Девять лет назад мужу Лизы, юрист-консулу, предложили интересную работу в Украине. И вот - Киев. Огромная пятикомнатная квартира в центре города. Две недели Лиза маялась, не знала, что делать. Потом стала обзванивать и объезжать все больницы подряд. Предлагала открыть бесплатное отделение хосписа, хотела устроиться там волонтером. Везде - отказ. Оставалась ровно одна больница, и Лиза загадала: если и там облом, она уезжает с детьми в Америку. Это был онкологический центр. Главврач Олийниченко выслушал ее и сказал, что поможет. Короче, ровно через три недели создали выездную службу и открыли первое отделение оперативной хосписной службы на базе онкологического центра.

Пять лет назад в Киеве начали строить новое здание для хосписа. Тогда же открыли первую детскую хосписную палату, куда стали принимать умирающих детей.

Полтора года назад случилось несчастье с Лизиной мамой, и Лиза переехала в Москву. Мама попала (и сегодня там) в реанимацию института Бурденко. Через месяц после ухода за мамой Лиза в реанимации поняла: надо создавать хоспис для неонкологических коматозных больных, которым абсолютно некуда деваться, а их выписывают в никуда, что означает - неминуемая смерть. Лиза стала пробивать идею такого хосписа.

Четыре года назад Лиза Глинка знакомится с Сергеем Мироновым, председателем Совета Федерации. Передали Лизе письмо от одной мамы. Мама работала уборщицей: убирала мусор на железнодорожных рельсах, в Саратовской области. И там на рельсах подобрала четырехлетнего сироту. Он курил и ругался матом. Она забрала его к себе. А у нее трое своих детей и муж алкоголик. Но усыновленный мальчик быстро рос, пошел в школу, учился на одни «пятерки». И вдруг - страшная болезнь: опухоль мозга. Женщина начинает его лечить. Добирается до Москвы. Увы, везде нужны деньги. Огромные деньги. Короче, Лиза пишет письмо Миронову: «Сергей Михайлович! Я, конечно, оплачу лечение этого ребенка. Но объясните мне, почему граждане России, усыновившие сироту, должны платить за лечение ребенка, если по Конституции это лечение обязано быть бесплатным». Миронов отреагировал на письмо моментально. Мальчик - Гена Клюшников - был прооперирован, прошел курс химиотерапии. Все, разумеется, бесплатно. Но спасти не удалось. Гена умер. А Сергей Миронов помогает Лизе по сей день.

Год назад был создан фонд «Справедливая помощь». Лиза Глинка - исполнительный директор. Президент фонда - Александр Чуев, в то время депутат Госдумы, ныне - помощник Сергея Миронова.

Два месяца назад в Киеве открыли новое здание хосписа. Двухэтажное и очень красивое.

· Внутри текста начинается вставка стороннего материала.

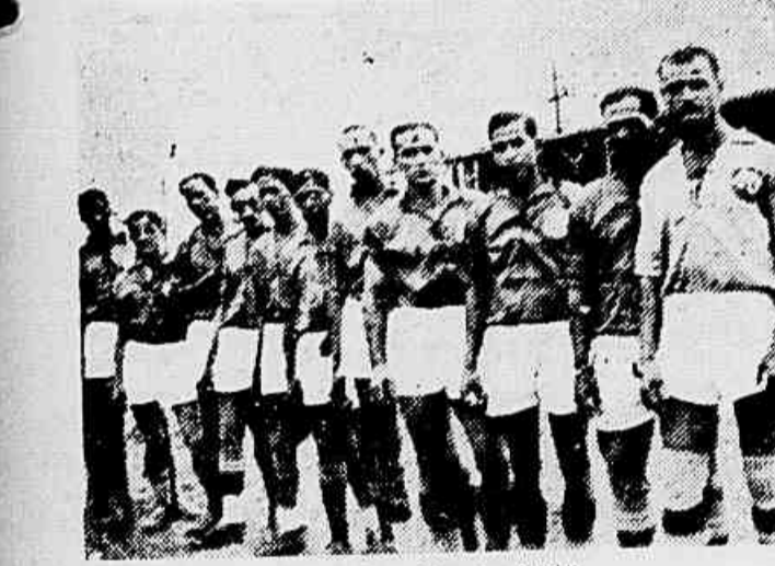
A "Maravilha do Cajú"

China commandará a orientação tecnica da "Maravilha do Cajú" — Um succulento angú para reconfortar a turma

Пять месяцев назад: Лиза должна забрать на Павелецком вокзале онкологического больного. Когда она приехала в условленное место, больного там почему-то не оказалось, зато обнаружилось много бомжей. Почти все они были больны. Лежали у мусорки в каких-то коробках. У кого-то дикая температура, у кого-то перебиты руки, у кого-то ноги. Был октябрь. Дождь, сырость. Среда. Семнадцать ноль-ноль. Лиза шла, как в кино ходят по окопам: везде люди, непонятно, живые или уже не очень. В чемоданчике у нее были лекарства. Она давала кому-то от кашля, кому-то от температуры, кого-то перевязывала. За три часа сделала что смогла. И пообещала приехать в следующую среду, также в семнадцать ноль-ноль. С тех пор Лиза Глинка не пропустила ни одной среды.


Бродяги (часть вторая)



Что связывает вокзалы, бомжей, доктора Лизу, «Живой Журнал» и нашего обозревателя Зою Ерошок.

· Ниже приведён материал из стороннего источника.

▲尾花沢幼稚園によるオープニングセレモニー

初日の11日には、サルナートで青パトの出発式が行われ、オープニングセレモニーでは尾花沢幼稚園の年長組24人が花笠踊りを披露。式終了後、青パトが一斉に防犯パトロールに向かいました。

По милицейской логике: бомжи - ненормальные, и жизнь у них ненормальная. А те милиционеры, что их бьют, просто так, проходя мимо, дубинками, электрошокерами, петардой в лицо, - нормальные? Те, что швабру засовывают женщине во влагалище, - нормальные? Они приходят домой, чай пьют, с женой общаются, детей своих по головке гладят. У них все хорошо. А потом идут на работу - исполнять свой профессиональный долг: бить бомжей. За то, что они - бомжи. И потому что знают: им за это абсолютно ничего не будет.

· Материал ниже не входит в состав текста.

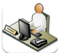
RUP: Fase de Construcción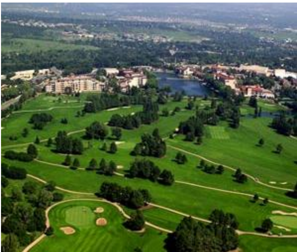
〈사진 2〉브로드무어 골프 코스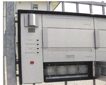
IR-Schnittstelle bei der Briefkastenfront.

somit ohne störenden Aussenzählerkasten in den Zaun oder die Aussenmauer integriert werden.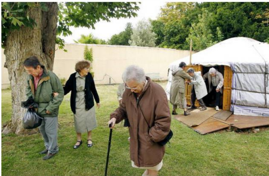
Imagen de archivo de varias personas enfermas de Alzheimer.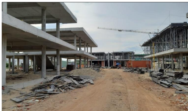
Hình 5: Tiến độ thi công Khu vực Villa

Лена Никульникова, помощница Лизы Глинки*, объясняет мне: «Из ментов зверствуют и издеваются над бомжами как раз те, кто сам лимита, только приехал в Москву. Это «низовики», работают «внизу»: на вокзалах, на улицах. У них нет никакого образования, платят мало, зато полная бесконтрольность, а бомжи для них вообще не люди. Но и из высших чинов никто и никогда бомжей не защитит».

Лена учится на юриста. Она знает систему изнутри.

* * *

Кстати, ненавидя ментов, к операм бомжи относятся уважительно. Опера убийц ищут, делом настоящим заняты…

* * *

О бродяжничестве - как образе жизни. Когда Есенин разочаровался в советской деревне,  да и вообще в деревне, ему захотелось одного - стать бродягой. («Оттого, что в полях забулдыге/Ветер громче поет, чем кому».) С гнилью, с городскими хулиганами Есенину легче, чем с благополучными мещанами советской России. Ему стали мерзки большевики и те, кто с ними. Опостылели бывшие приятели, занявшие более или менее кровавые, но теплые места. («Я уж готов. Я робкий./ Глянь-ка, бутылок рать!/ Я собираю пробки/Душу мою затыкать».) Это я не ради идеализации и романтизации бомжей вспомнила. Просто перечитывала на днях у Ходасевича воспоминания о Есенине.

* * *

Вера Миллионщикова, главврач Первого Московского хосписа, в метро на «Павелецкой» пересаживается на другую линию, так она сказала на днях Лизе Глинке: «Заметно меньше стало ссанья на «Павелецкой». Вот! Эффект почти полугодовой работы Лизы Глинки с бомжами.

Вердикт бомжей

- Что вы думаете о правительстве?

Молчат, потом хором:

- Пи-ди-ра-сты.

* * *

Пока на «нычке» Лиза перевязывает руку Тиме, ей звонят помощники. Нагрянула милиция. Бегом к «своему» месту. Как правильно разговаривать с милиционерами? Если начнут бомжей при нас бить или загонять в клетку - что делать?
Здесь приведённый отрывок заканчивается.